> What is needed:
Among the entries below, copy only the span from the line containing "c'est certainement par" through the line containing "Pressed in abstract". Do so exactly, and skip the pictures.

> Working data:
++++++++++++++++++++

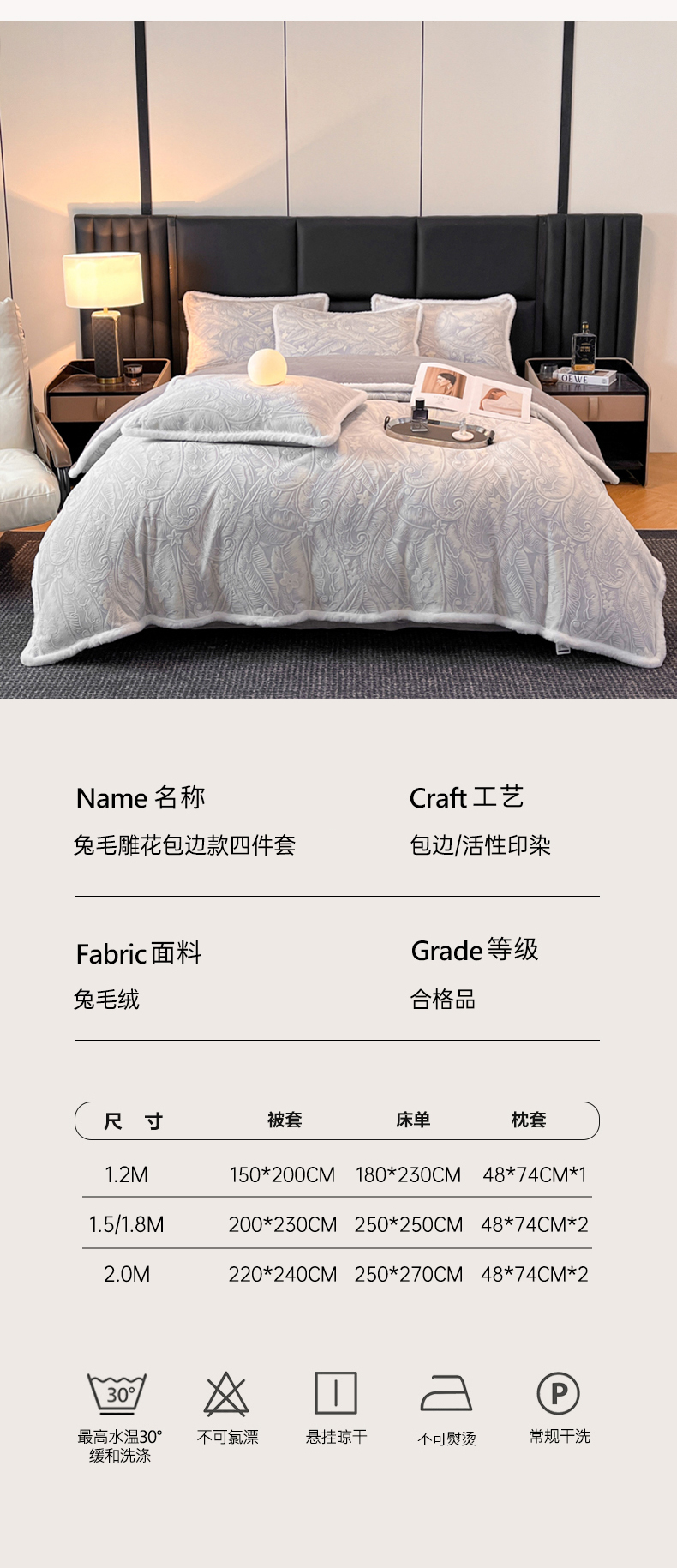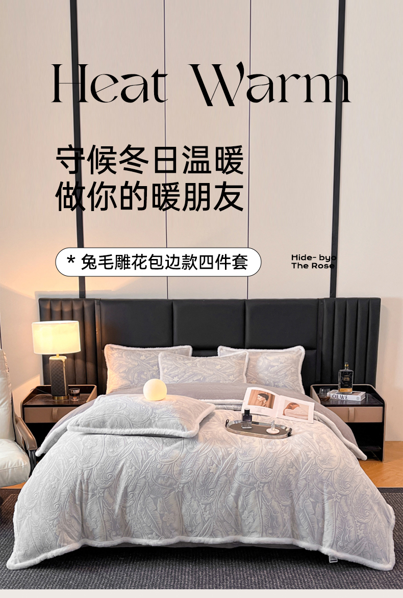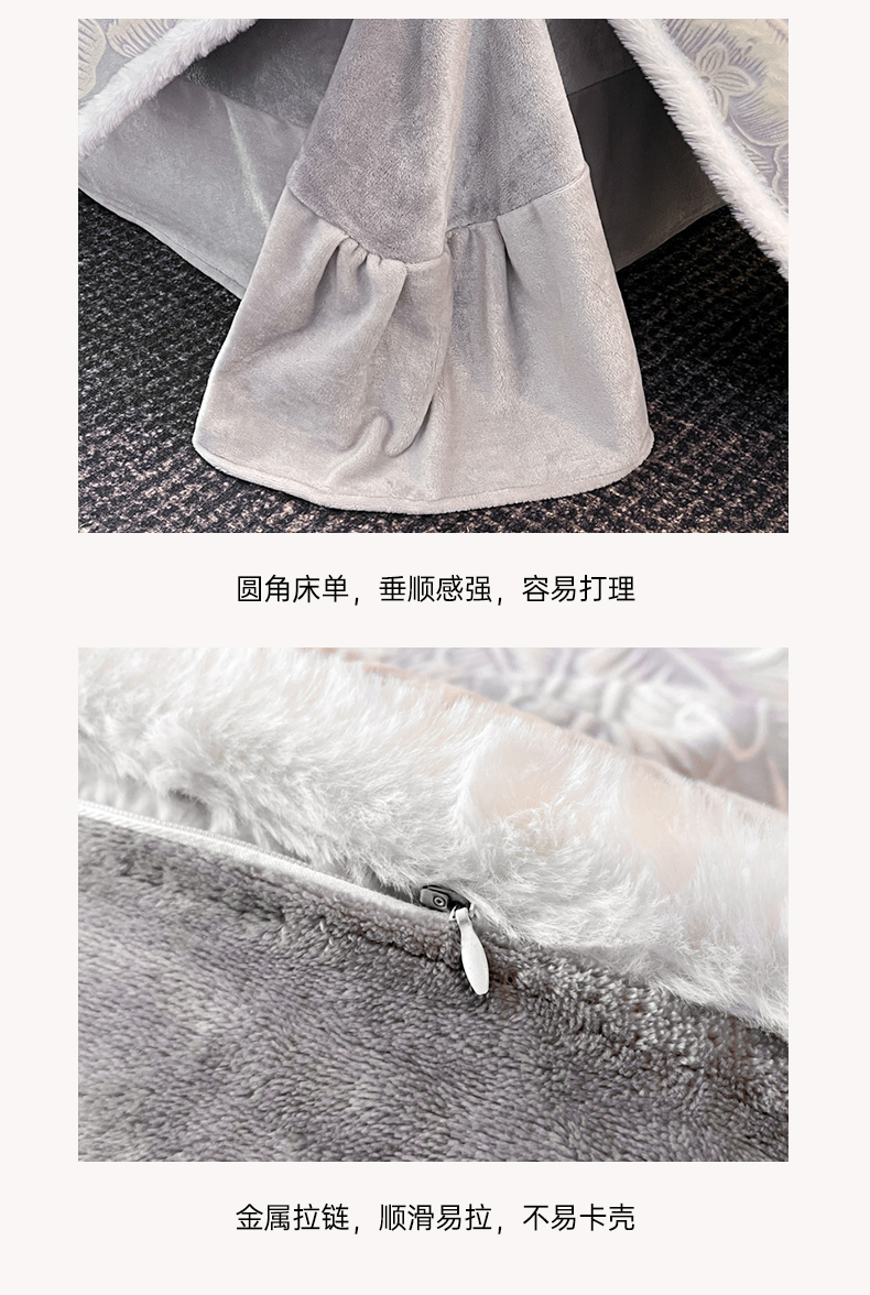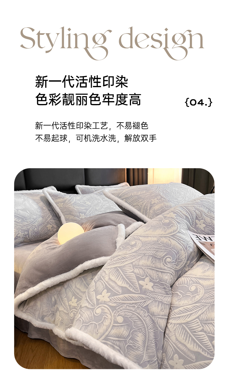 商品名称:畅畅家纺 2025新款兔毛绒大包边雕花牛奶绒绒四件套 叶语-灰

++++++++++++++++++++

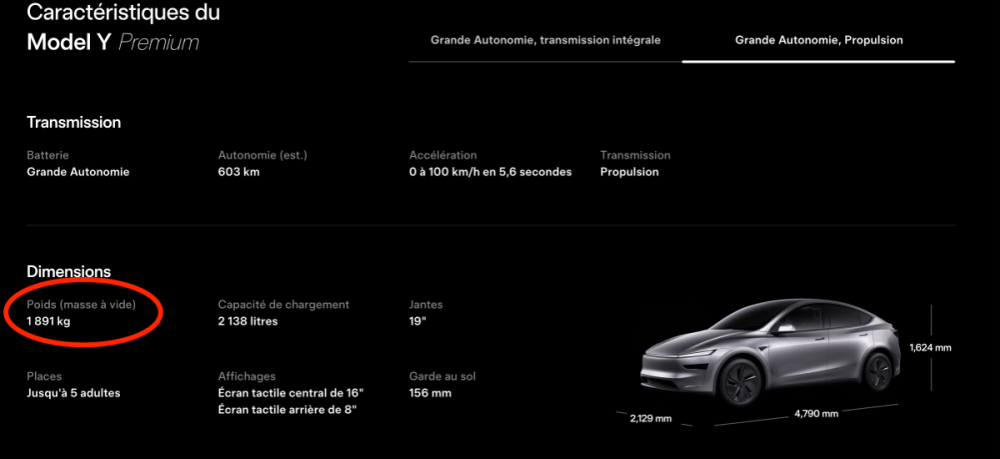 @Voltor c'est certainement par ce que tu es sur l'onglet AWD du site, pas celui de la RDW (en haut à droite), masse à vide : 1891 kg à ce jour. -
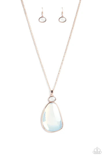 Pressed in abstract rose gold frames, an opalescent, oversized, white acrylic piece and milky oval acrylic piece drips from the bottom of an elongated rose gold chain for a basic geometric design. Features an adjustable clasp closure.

++++++++++++++++++++

> Solution to this exercise:
 @Voltor c'est certainement par ce que tu es sur l'onglet AWD du site, pas celui de la RDW (en haut à droite), masse à vide : 1891 kg à ce jour. -
 Pressed in abstract rose gold frames, an opalescent, oversized, white acrylic piece and milky oval acrylic piece drips from the bottom of an elongated rose gold chain for a basic geometric design. Features an adjustable clasp closure.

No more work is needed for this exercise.